Try it:
Beginning with the line below that contains "The second bathroom" and ending with the line that contains "可以看到,除了 UCM 和", retype every line exactly. Pictures are not copied.

Dataset records:
———

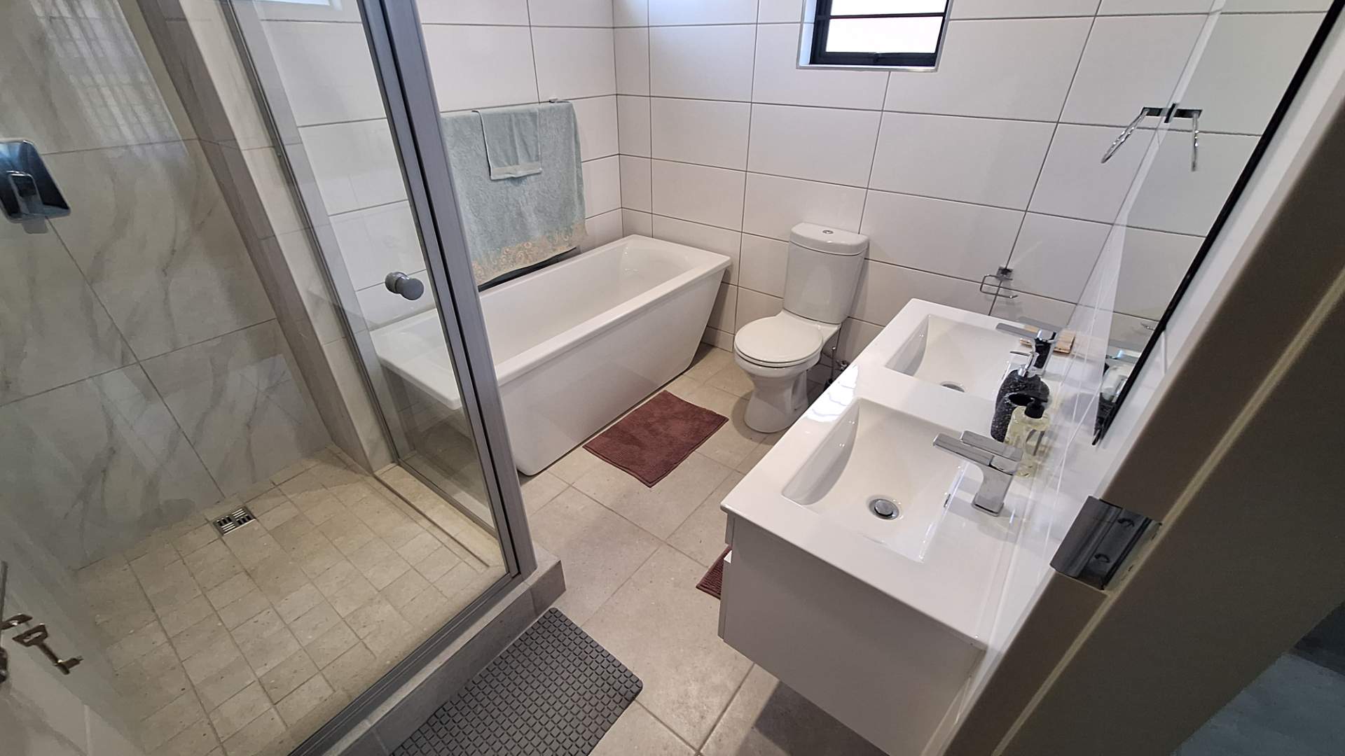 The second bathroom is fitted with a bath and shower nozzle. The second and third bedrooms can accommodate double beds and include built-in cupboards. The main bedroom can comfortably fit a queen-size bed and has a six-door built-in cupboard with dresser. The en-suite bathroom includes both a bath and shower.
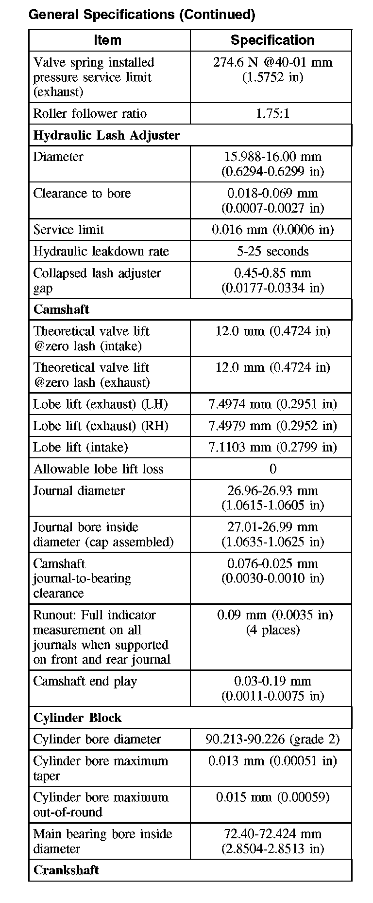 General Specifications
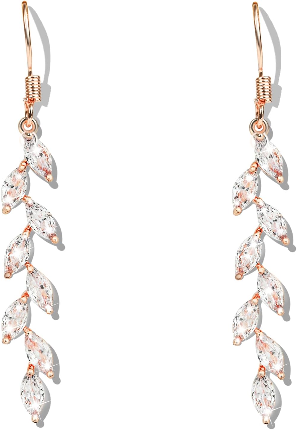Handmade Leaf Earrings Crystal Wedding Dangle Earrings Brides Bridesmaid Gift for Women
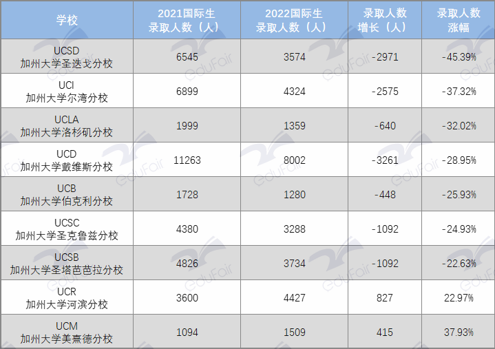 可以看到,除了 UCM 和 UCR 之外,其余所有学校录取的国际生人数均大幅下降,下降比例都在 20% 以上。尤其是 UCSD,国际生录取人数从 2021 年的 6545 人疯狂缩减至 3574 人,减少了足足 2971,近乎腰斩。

———

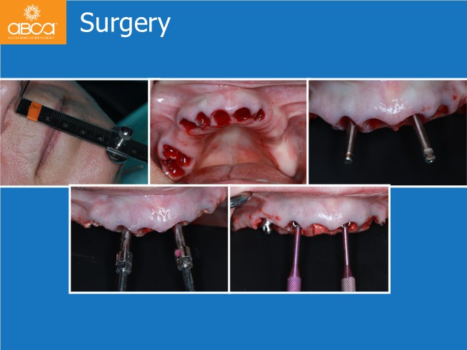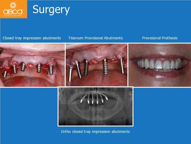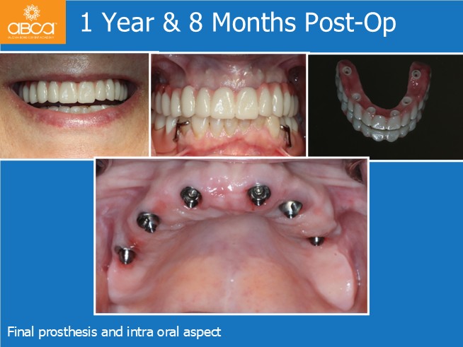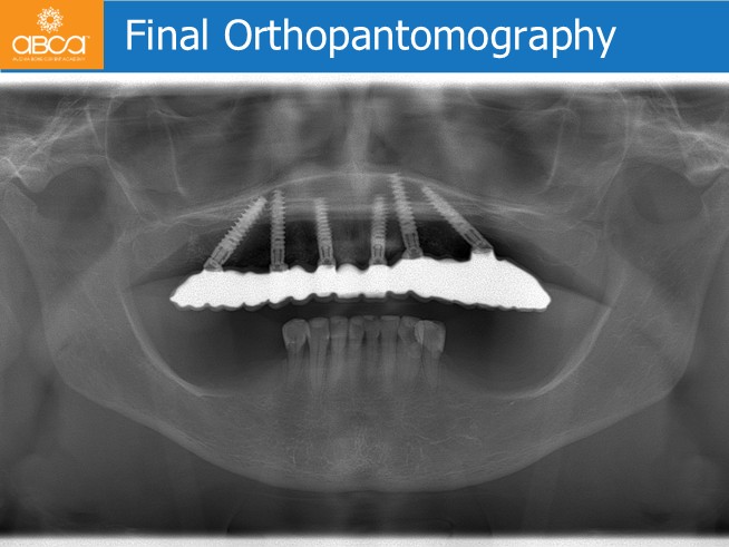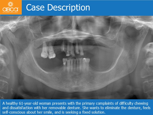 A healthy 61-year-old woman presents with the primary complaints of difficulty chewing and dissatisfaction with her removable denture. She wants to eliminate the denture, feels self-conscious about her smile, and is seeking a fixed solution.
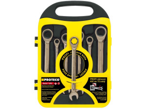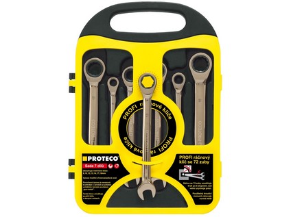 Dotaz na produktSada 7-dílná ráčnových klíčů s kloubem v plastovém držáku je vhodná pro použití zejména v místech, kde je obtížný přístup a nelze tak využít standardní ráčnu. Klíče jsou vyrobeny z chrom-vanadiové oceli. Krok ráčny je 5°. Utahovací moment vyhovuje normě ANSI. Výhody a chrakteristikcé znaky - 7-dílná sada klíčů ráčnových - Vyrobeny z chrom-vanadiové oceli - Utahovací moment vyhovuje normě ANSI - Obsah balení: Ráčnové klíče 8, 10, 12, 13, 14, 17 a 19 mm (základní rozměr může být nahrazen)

———

Reply:
 The second bathroom is fitted with a bath and shower nozzle. The second and third bedrooms can accommodate double beds and include built-in cupboards. The main bedroom can comfortably fit a queen-size bed and has a six-door built-in cupboard with dresser. The en-suite bathroom includes both a bath and shower.
 General Specifications
Handmade Leaf Earrings Crystal Wedding Dangle Earrings Brides Bridesmaid Gift for Women
 可以看到,除了 UCM 和 UCR 之外,其余所有学校录取的国际生人数均大幅下降,下降比例都在 20% 以上。尤其是 UCSD,国际生录取人数从 2021 年的 6545 人疯狂缩减至 3574 人,减少了足足 2971,近乎腰斩。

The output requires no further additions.